Parkinson’s disease (PD) is a chronic, progressive, neurodegenerative disease whose cardinal features are tremor, bradykinesia and rigidity. Nonmotor features such as dementia, psychosis and autonomic dysfunction (excessive sweating, bladder frequency/urgency, orthostasis) often become the more disabling features as the disease progresses. Treatment significantly decreases morbidity and mortality; however, no treatment to date has been definitively shown to impact the underlying disease process.^[1] Medications providing the most benefit are directed at replenishing dopamine within the brain.

Goals of Therapy

• Improve functioning and quality of life
• Minimize acute and long-term side effects of medications
• Instill a positive outlook, despite the chronic, progressive nature of PD

Investigations

• The clinical diagnosis of PD can be made with confidence if the classic features of a unilateral or asymmetric resting tremor plus bradykinesia and rigidity are present. The patient’s earliest complaints may include fatigue, loss of smell, sleep disorders, general slowness, poor handwriting and a tremulous feeling in one arm, without obvious tremor.
• Early postural instability, autonomic dysfunction, early and prominent dementia, impaired eye movements, rapid progression and poor response to dopaminergic therapy are not features of early PD, and if present suggest a different diagnosis.
• Perform imaging studies in young patients or those with atypical features. Exclude Wilson disease in young patients by performing a serum ceruloplasmin, a slit-lamp examination and a 24-hour urine for copper.
• Exclude drug-induced parkinsonism. The most common drug causes include first- and second-generation antipsychotic agents and central dopamine-blocking antiemetics, e.g., metoclopramide and prochlorperazine.

Therapeutic Choices

Nonpharmacologic Choices

• Provide patient education via books, websites and local and national Parkinson societies (all available through Parkinsons Canada).
• Stress importance of staying active and having a regular exercise routine. To improve motor and nonmotor symptoms, the exercise program should include aerobic, strength, balance and gait training e.g., dance, tai chi, yoga.
• Encourage awareness of the important roles of allied health professionals such as speech, physical and occupational therapists,and home care as the disease becomes more advanced.
• Some patients may benefit from surgery;

Surgery

Recognition that there is a limit to the medical management of Parkinson’s has brought about a resurgence of surgical treatments. Two main surgical procedures have been shown to be effective: lesioning procedures and deep brain stimulation (DBS). Surgical treatment of Parkinson’s mainly targets the thalamus (improves tremor), globus pallidus (improves dyskinesia and bradykinesia) and the subthalamic nucleus (improves bradykinesia, tremor and dyskinesia).Lesioning procedures such as pallidotomy and thalamotomy are performed rarely. DBS is the surgical treatment of choice in patients with advanced disease in whom medications can no longer control motor symptoms, though use of subthalamic DBS in patients with early motor complications has shown promise. It is important for patients to understand that these surgeries are not a cure; functioning will increase only to the level of their best “on” times, and postural instability does not improve. Poor cognition is a contraindication to these procedures.

Pharmacologic Choices

Levodopa

Levodopa is converted to dopamine within presynaptic dopaminergic neurons. Although used alone when first discovered, it is now combined with a DOPA decarboxylase inhibitor (carbidopa or benserazide) to inhibit peripheral transformation to dopamine, thus enhancing distribution to the brain, reducing the amount of levodopa required for optimal therapeutic benefit and minimizing acute side effects such as nausea and vomiting.

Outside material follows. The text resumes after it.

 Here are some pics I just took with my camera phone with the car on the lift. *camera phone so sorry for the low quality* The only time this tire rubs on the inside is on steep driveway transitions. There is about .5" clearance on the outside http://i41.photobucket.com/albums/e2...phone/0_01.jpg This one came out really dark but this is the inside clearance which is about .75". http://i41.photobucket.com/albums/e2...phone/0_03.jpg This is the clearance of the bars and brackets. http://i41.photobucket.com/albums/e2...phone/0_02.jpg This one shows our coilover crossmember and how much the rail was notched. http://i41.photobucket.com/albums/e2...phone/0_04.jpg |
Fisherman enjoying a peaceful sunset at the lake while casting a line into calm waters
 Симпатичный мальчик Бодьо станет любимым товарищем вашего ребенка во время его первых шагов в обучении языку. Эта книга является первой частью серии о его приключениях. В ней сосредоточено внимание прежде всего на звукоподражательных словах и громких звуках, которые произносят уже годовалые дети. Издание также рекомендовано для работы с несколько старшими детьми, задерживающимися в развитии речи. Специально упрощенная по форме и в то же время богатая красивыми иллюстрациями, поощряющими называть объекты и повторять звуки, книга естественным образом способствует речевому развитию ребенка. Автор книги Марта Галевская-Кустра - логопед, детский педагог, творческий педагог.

There is theoretical concern that levodopa could be toxic to already damaged dopaminergic neurons through a mechanism involving excess oxidative stress. There is little evidence for this from in vitro studies, in vivo animal models or human studies.

Over time, many Parkinson’s patients develop symptoms such as dysarthria, gait disorders, postural instability and cognitive dysfunction that are poorly responsive to levodopa therapy. The cause is mainly disease-related degeneration of nondopaminergic neuronal systems, and not that levodopa has become ineffective for the initial symptoms for which it was started.

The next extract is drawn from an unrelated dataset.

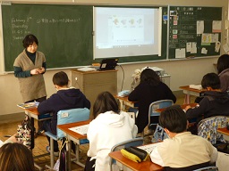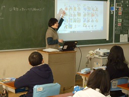 楠小学校では、中学校の先生が小学校に来て、小学校の先生とともに外国語の授業を行っています。
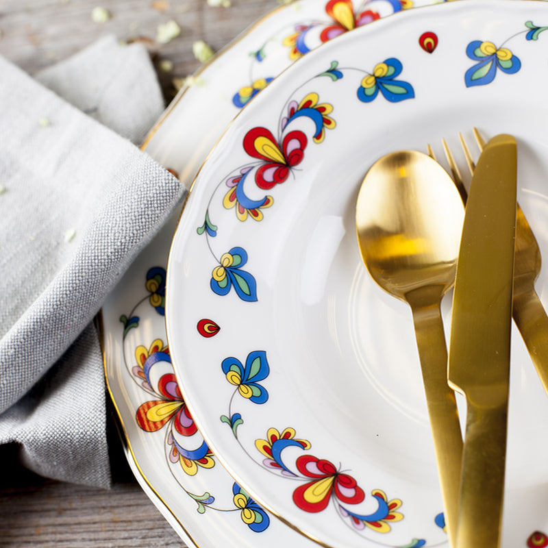 Oppvaskmaskin: Serviser med overglasurdekorer, spesielt gull og platina, er mer utsatt for slitasje og vi anbefaler derfor oppvask for hånd. Generelt anbefaler vi skånsom vask og bruk av glansemiddel, da opprettholdes glasurens glans og du forlenger servisets levetid. ikrobølgeovn: Artikler med gull eller platinadekor må ikke brukes i mikrobølgeovn. Ovn: Vi anbefaler ikke at du setter porselensartikler med gull eller platinadekor i ovnen.

Though initially effective, in many patients levodopa therapy is eventually complicated by motor fluctuations and dyskinesia; these complications develop in up to 50% of patients after 5 years.In the early stages of Parkinsons, patients enjoy a long-lasting response following a single dose of levodopa. With disease progression and longer-term treatment, patients begin to experience motor fluctuations, such as end-of-dose “wearing off” of effectiveness or periods of fluctuating response known as “on-off” phenomena, and a variety of patterns of dyskinesia such as peak-dose dyskinesia (occurring during the peak effect of the dose), diphasic dyskinesia (occurring at the beginning and/or end of a dosing interval) and off-period dystonia (painful spasms, usually of the feet, occurring upon morning rising or when a dose is wearing off). There is also increasing recognition that nonmotor symptoms such as excessive perspiration, anxiety, cognitive changes and shortness of breath do occur and can fluctuate with the motor features of the disease.

The pathophysiology of motor complications is not completely understood, but the leading theory suggests they are related to pulsatile stimulation of dopamine receptors resulting from intermittent dosing and levodopa’s short plasma half-life.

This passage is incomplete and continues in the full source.